One frequently cited cause of aging is mitochondrial dysfunction that also involves oxidative damages [71]. While subcellular compartmentalization confines TAG synthesis and storage to ER and lipid droplets, respectively, a number of reports have demonstrated physical association of mitochondria with ER and LD [72], lending support for functional crosstalk between neutral lipid metabolism and mitochondria biogenesis [73]. Moreover, mitochondria also possess a type II fatty acid synthesis pathway [74]. Deleting enzymes within this pathway causes mouse embryonic lethality and yeast respiratory defects [75, 76]. Fatty acids trafficking between mitochondria and LD may help achieve mitochondrial lipid homeostasis. Importantly, mitochondria are a major source for reactive oxygen species. Free radicals that would otherwise escape from mitochondria and cause pleiotropic cellular damages might enter LD and attack the fatty acyl chains of the storage TAG molecules [77]. It is possible that the high density of peroxidated fatty acids in LD facilitates crosslinking of neighboring radicalized molecules, hence terminating the vicious propagation of radicals. This “radicals sink” model appears to be consistent with the experimental findings presented above.
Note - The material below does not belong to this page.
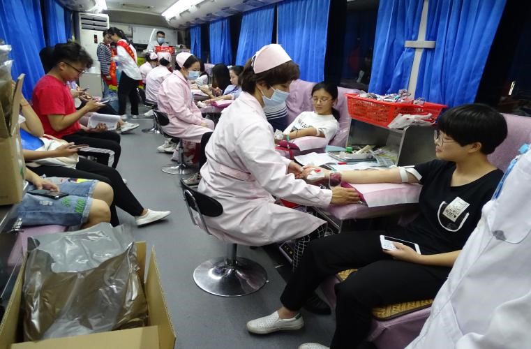 献血现场有四辆献血车,血站工作人员和学院志愿者们早已准备就绪,下午3时,无偿献血活动正式开始。前来报名的同学很多,他们表现出了自己的人道主义风范,促进了社会主义物质文明和精神文明建设,更表现了当代大学生的爱心风采和团结奋斗的力量。他们还不时地向血站工作人员询问关于献血的有关规则和献血小知识。同学们有序地排起长队,依次进行信息登记、血液类型检验、静脉采血等环节。等待献血期间,同学们紧张而兴奋,其中不乏参加过献血活动的同学,但是他们仍旧为自己的行动能给需要的人提供帮助、挽救更多的生命而感到高兴。

TAG metabolism and many aspects of cellular aging are conserved. It is thus possible that the cytoprotective role of TAG also exists in higher organisms. For example, Bailey et al. recently reported an anti-oxidant role of lipid droplets in the stem cell niche of Drosophila during neurodevelopment by limiting the levels of reactive oxygen species and inhibiting the oxidation of polyunsaturated fatty acids [78]. In transgenic mice, overexpression of DGAT1 in the skeletal muscle and heart increased intracellular TAG abundance as well as insulin sensitivity of the underlying animals [79, 80]. Similarly, deleting adipose triglyceride lipase (ATGL) protected animals from high-fat diet-induced insulin resistance [81]. However, excessive TAG in heart muscle resulting from ATGL knockout also was associated with cardiac dysfunction [73, 82]. These transgenic animal studies underscore the complexity of mammalian metabolism and the interdigitating relationships between triglycerides (dietary, circulating, and in different tissues) and other nutrients. While the positive influence of intracellular TAG on chronological lifespan in yeast is reminiscent of the so-called obesity paradox in humans, that is, the overweight population has the lowest mortality under a number of medical conditions [83, 84], we caution that the comparatively simple yeast may not be immediately applicable to the complex human system. An integrative strategy combining metabolomics, lipidomics, and transcriptomics of representative yeast strains will help elucidate the molecular basis of this novel function of TAG, which might provide a toolbox for a better understanding of the benefits of intracellular TAG in humans.
Materials and Methods
Strains and media
Yeast strains used in this study are shown in Table 1. YPD medium contained 2% glucose (Sigma-Aldrich) (unless otherwise stated in the text), 2% peptone (BD Difco), and 1% yeast extract (BD Difco). SC medium (synthetic complete) contained 2% glucose, 5 g/l ammonium sulfate (Sigma-Aldrich), 1.7 g/l yeast nitrogen base without amino acids or ammonium sulfate (BD Difco), and complete amino acids as described in [85]. Auxotrophic nutrients were supplied at four-fold excess as recommended [23]. Citrate phosphate buffering was done as described [27]. Rapamycin (Sigma-Aldrich) and paraquat dichloride (Fluka) were added from 10 μM and 250 mM stocks to SC medium to make final concentrations of 10 nM and 10 mM, respectively.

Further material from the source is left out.